Database and stored findings

Relevant code:

  • logtriage/webui/db.py

Risks:

  • Findings and LLM responses may store sensitive text.
  • SQLite DB files are local files; permissions matter.

Recommendations:

  • Restrict file permissions.
  • For Postgres, use least-privilege DB accounts and TLS.

RAG service security

Relevant code:

  • logtriage/rag/service.py
  • logtriage/rag/knowledge_manager.py
  • logtriage/rag/vector_store.py

Observed behavior:

  • The service clones repositories via GitPython.
  • Git hooks are deleted after clone (.git/hooks/*).
  • It persists a FAISS index plus a SQLite metadata DB.

Risks:

  • Supply chain / content attacks: repository content can contain prompt-injection text that will be retrieved and appended to prompts.
  • Disk exhaustion: many repos or large repos can fill cache/vector-store directories.
  • Outbound network access: clones from configured URLs.

Recommendations:

  • Only add trusted documentation repositories.
  • Run the RAG service with:
  • a dedicated system user
  • restrictive filesystem permissions
  • disk quotas / separate partition for cache
  • Consider isolating it (container) and restricting outbound network destinations.
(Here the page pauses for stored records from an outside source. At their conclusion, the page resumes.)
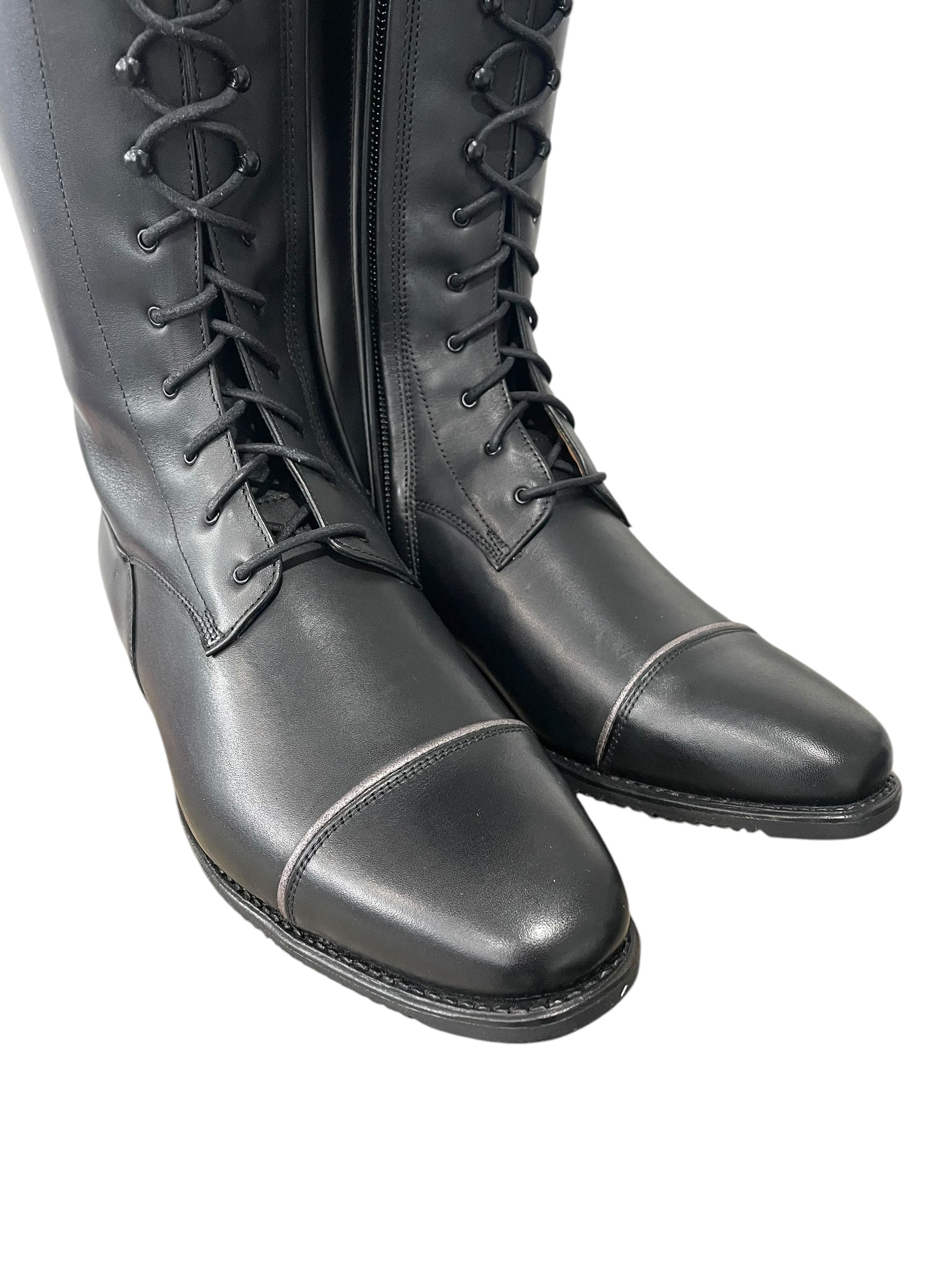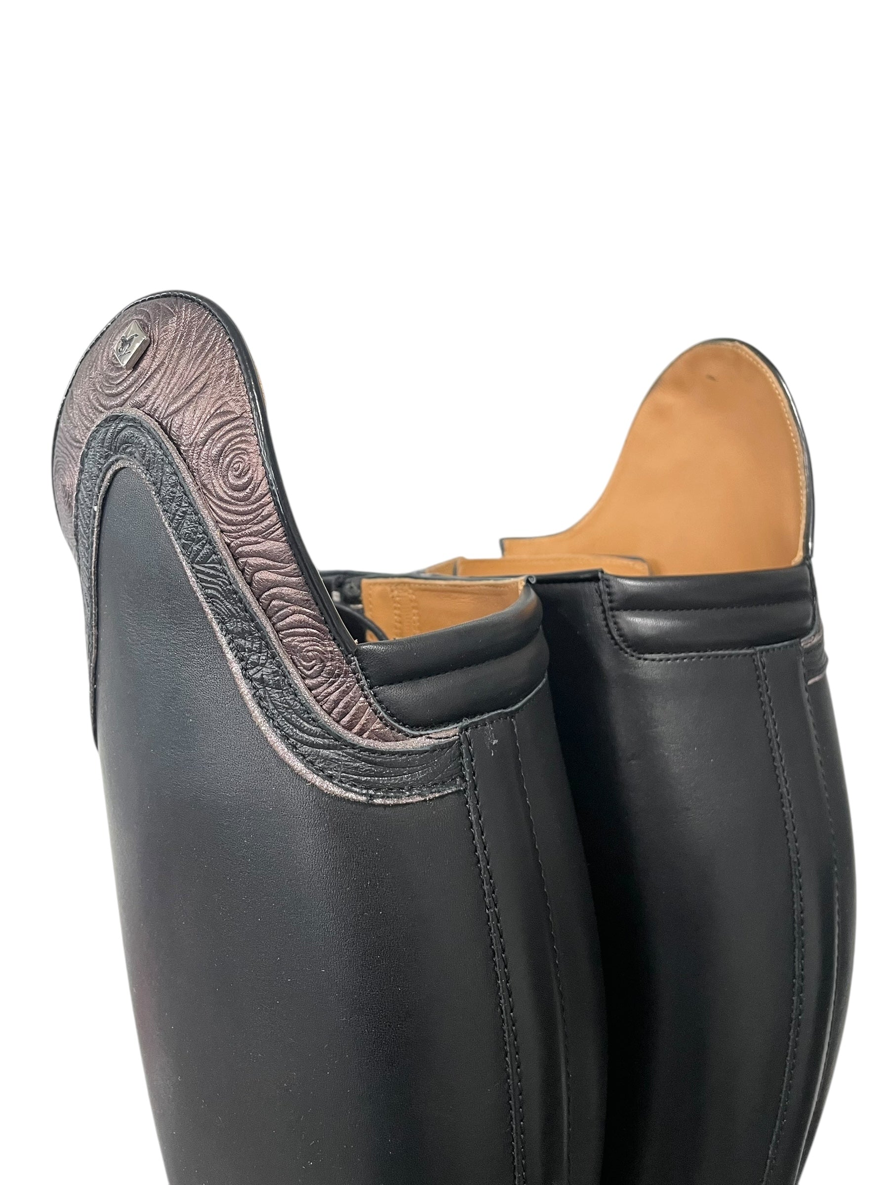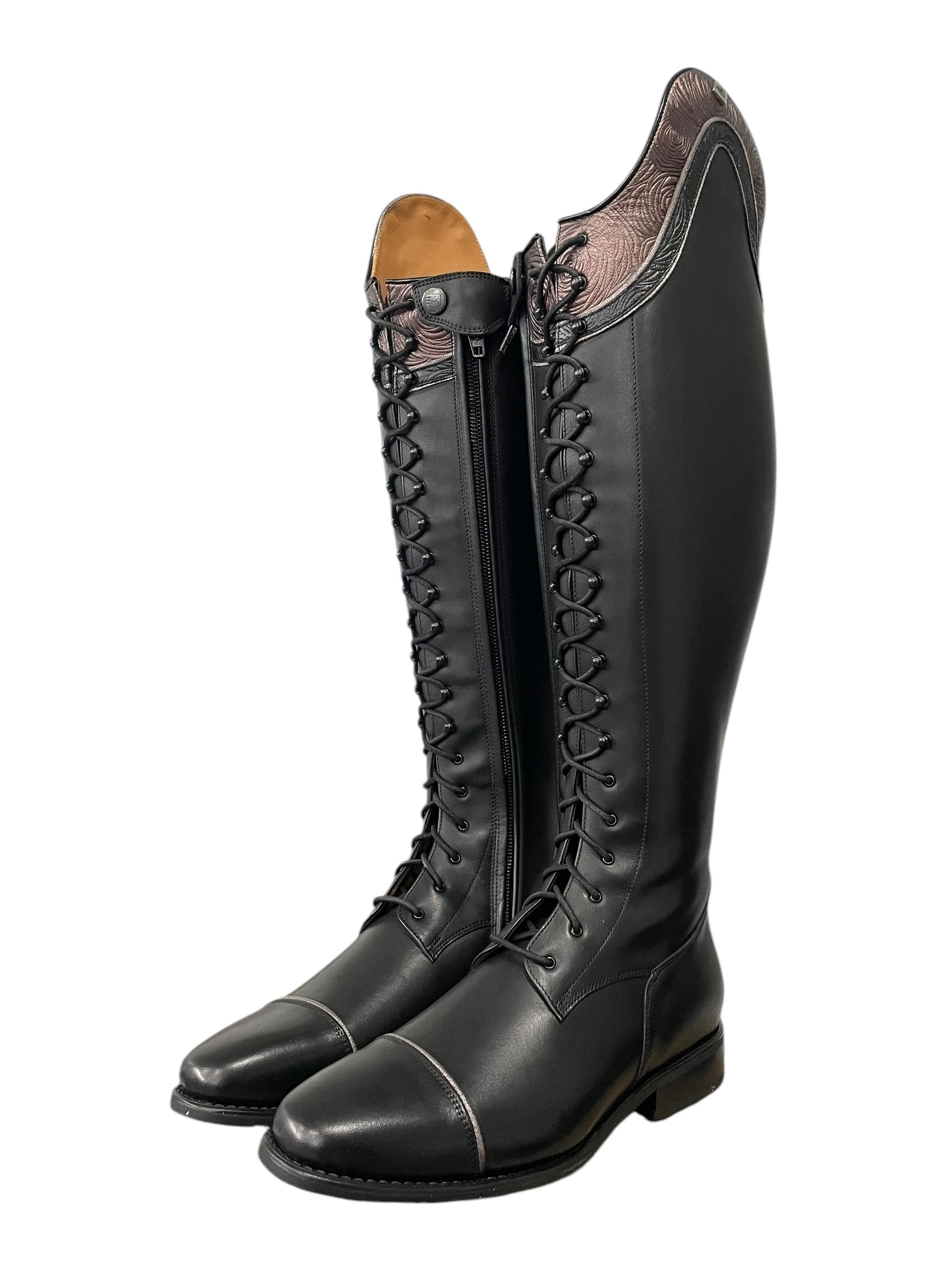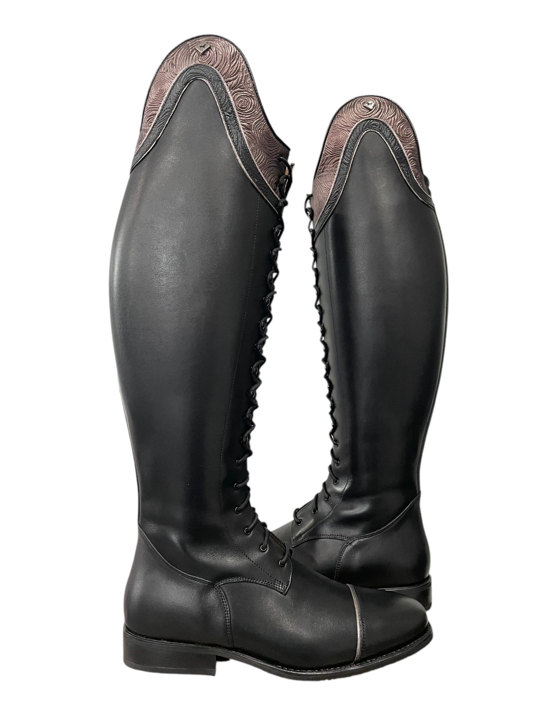 Description: WRAT black base, double Aurora top in rosetto brown with rosetta black underneath and glitter pink piping, toecap with glitter pink piping, silver logo, black hooks and black laces, comfort knee back, and black outsole.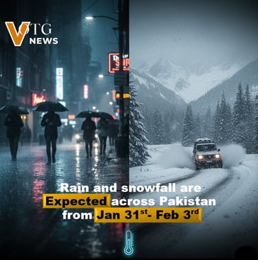Rain, Snowfall, and Cold Conditions Expected Across Pakistan Pakistan is set to experience an active spell of winter weather from January 31 through February 3, as a western disturbance moves across the region. According to weather forecasts, this system will bring rain, snowfall, and a noticeable drop in temperatures, particularly in northern and hilly areas.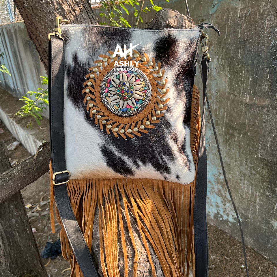 feature:Portable, Others, (1)Cowhiide fur animal printfullbodygenuineleather, (2)Tassel fringe woven bags for women cowhide fur, (3)Faishonable bag backside zip pocket singlestrap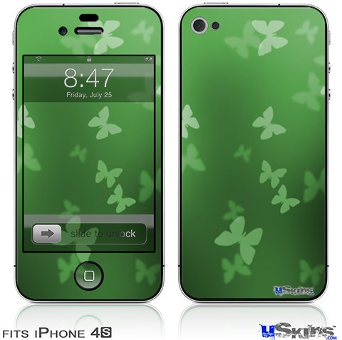 iPhone 4S Decal Style Vinyl Skin - Bokeh Butterflies Green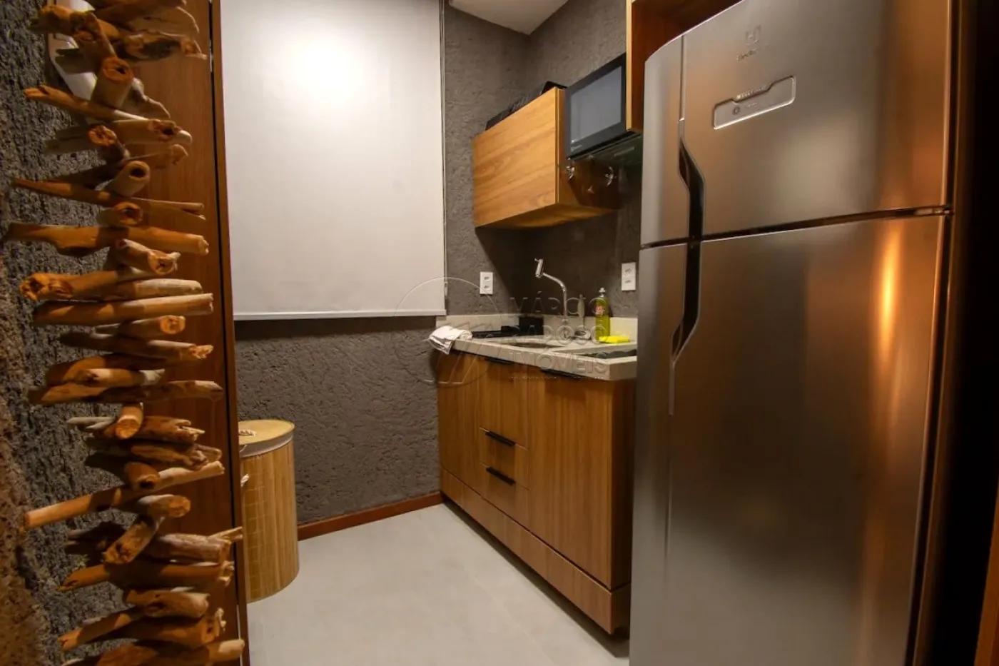 A cozinha, equipada com geladeira, micro-ondas e armários, te permite preparar suas refeições com praticidade.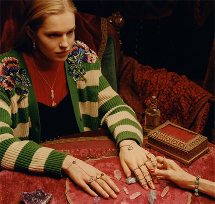 请来好莱坞老牌女星出演,GUCCI 把这次的拍摄场地选在了洛杉矶,打造了一间神秘、复古又华丽的占卜屋。店铺的招牌和内部装饰都有手相占卜的霓虹灯牌,这个设置就比较巧妙了,因为腕表首饰系列的重点就在手上,大片中各种手部特写来得非常自然。

Deployment hardening checklist

  • Network
  • Keep logtriage-webui and logtriage-rag bound to 127.0.0.1 when possible.
  • Put a reverse proxy in front for TLS and auth.

  • Firewall: allow only trusted admin subnets.

  • Secrets

  • Set webui.secret_key to a strong random value.

  • Store LLM API keys only in environment variables.

  • Filesystem permissions

  • Restrict config.yaml permissions.
  • Restrict RAG cache/vector store permissions.

  • Restrict DB credentials and DB files.

  • Process isolation

  • Run services as non-root.

  • Use systemd hardening where possible (see systemd/).

  • Monitoring

  • Enable logging to a secure location.
  • Monitor outbound connections.

Known limitations / non-goals

  • The Web UI is not currently designed for internet exposure.
  • CSRF/session hardening is not comprehensive.
  • The RAG component can amplify prompt-injection risks if untrusted documentation is indexed.